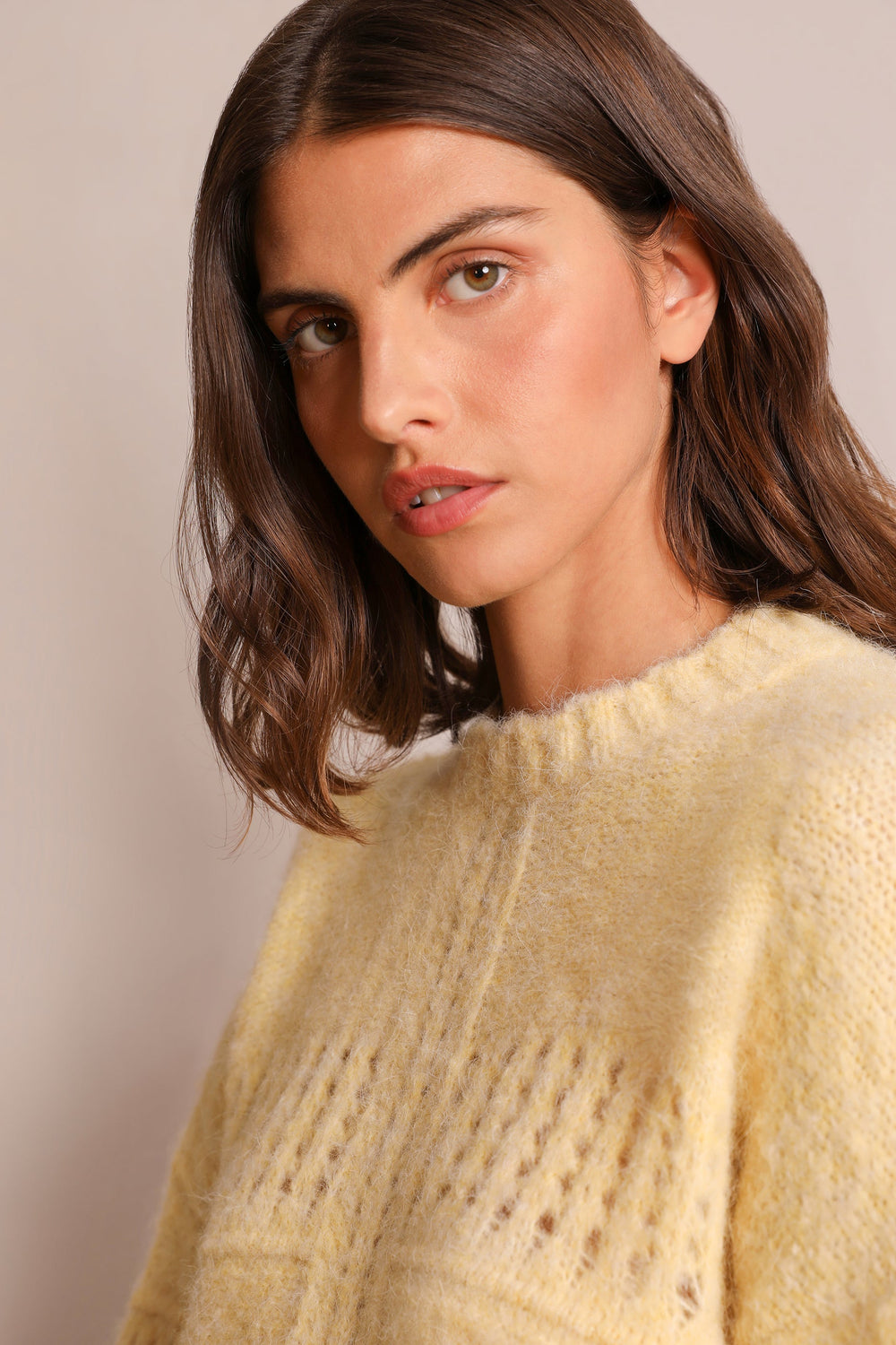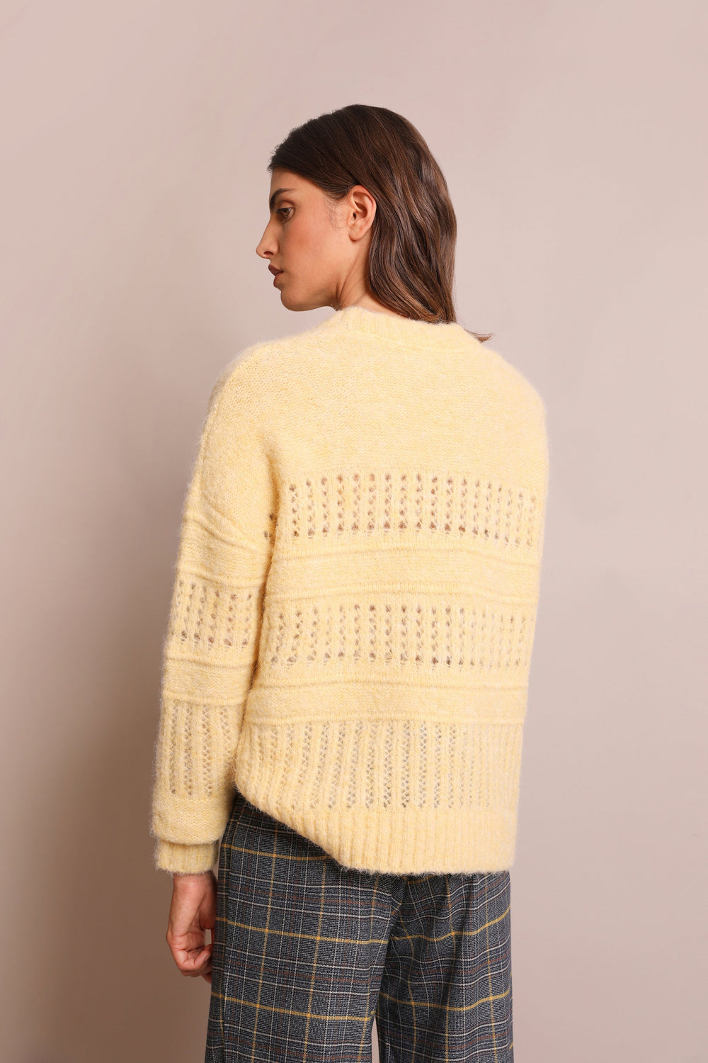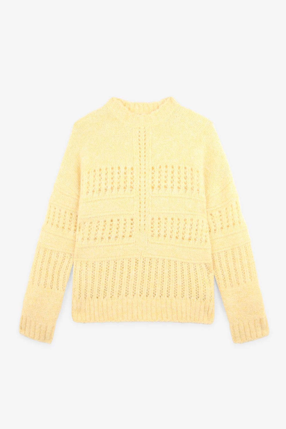 Sweater com pormenor de rendilhado confecionada em mistura de lã, alpaca e poliéster reciclado. Corte Regular Fit, decote redondo e manga comprida.
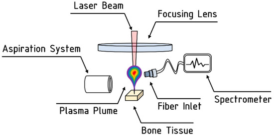 LIBS technique was used to analyze the evolution of the elemental composition of the bone tissue during laser processing [24,25]. A spectrometer Ocean Optics HR4000CG-UV-NIR (Ostfildern, Germany—acquisition range of 200 nm–1100 nm; optical resolution < 0.1 nm), was employed to record emission spectra of the plasma plume emitted from the irradiated bone tissue. Before the start of the laser processing, the acquisition fiber was aligned to maximize the emission spectra, and its real-time acquisition was recorded by the OceanView software. A scheme of the LIBS setup is shown in Figure 4.
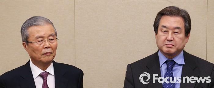 (서울=포커스뉴스) 테러방지법 직권상정에 반발해 야당이 무제한 토론(필리버스터)를 나흘째 진행하고 있는 26일 오후 서울 여의도 국회 귀빈식당에서 선거구 획정 및 쟁점법안 논의를 위해 열린 여야 지도부 회동에 참석한 김무성(오른쪽) 새누리당 대표와 김종인 더불어민주당 비대위 대표가 굳은 표정을 짓고 있다.
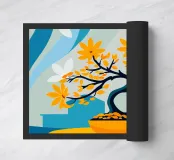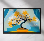 Questa illustrazione dettagliata di un bonsai rassicurante crea un'atmosfera pacifica e rilassante in qualsiasi stanza.
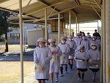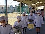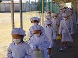 右一静歩(右側を一列で静かに歩く)で給食の準備をしています。一年生も給食当番が上手になっています。上級生がいつも優しくお世話してくれます。
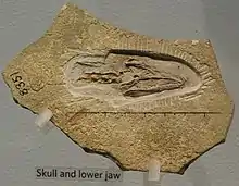 Petrolacosaurus ("rock lake lizard") is an extinct genus of diapsid reptile from the late Carboniferous period. It was a small, 40-centimetre (16 in) long reptile, and one of the earliest known reptile with two temporal fenestrae (holes at the rear part of the skull). This means that it was at the base of Diapsida, the largest and most successful radiation of reptiles that would eventually include all modern reptile groups, as well as dinosaurs (which survive to the modern day as birds) and other famous extinct reptiles such as plesiosaurs, ichthyosaurs, and pterosaurs. However, Petrolacosaurus itself was part of Araeoscelida, a short-lived early branch of the diapsid family tree which went extinct in the mid-Permian.
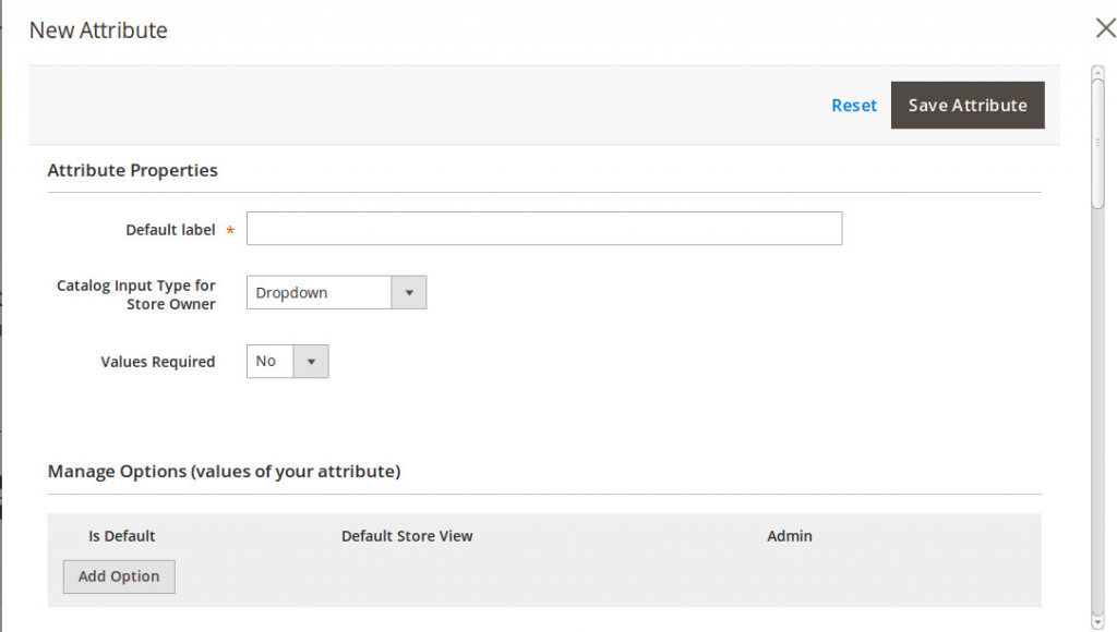 - Default label: Enter the name of the attribute that you want to assign to a product. (Ex: Color, Size).

**Problem requirements:**
From the line holding "(서울=포커스뉴스) 테러방지법 직권상정에" to the line holding "右一静歩(右側を一列で静かに", both included, retype the entries above exactly and drop the pictures.

**Exercise solution:**
 (서울=포커스뉴스) 테러방지법 직권상정에 반발해 야당이 무제한 토론(필리버스터)를 나흘째 진행하고 있는 26일 오후 서울 여의도 국회 귀빈식당에서 선거구 획정 및 쟁점법안 논의를 위해 열린 여야 지도부 회동에 참석한 김무성(오른쪽) 새누리당 대표와 김종인 더불어민주당 비대위 대표가 굳은 표정을 짓고 있다.
 Questa illustrazione dettagliata di un bonsai rassicurante crea un'atmosfera pacifica e rilassante in qualsiasi stanza.
 右一静歩(右側を一列で静かに歩く)で給食の準備をしています。一年生も給食当番が上手になっています。上級生がいつも優しくお世話してくれます。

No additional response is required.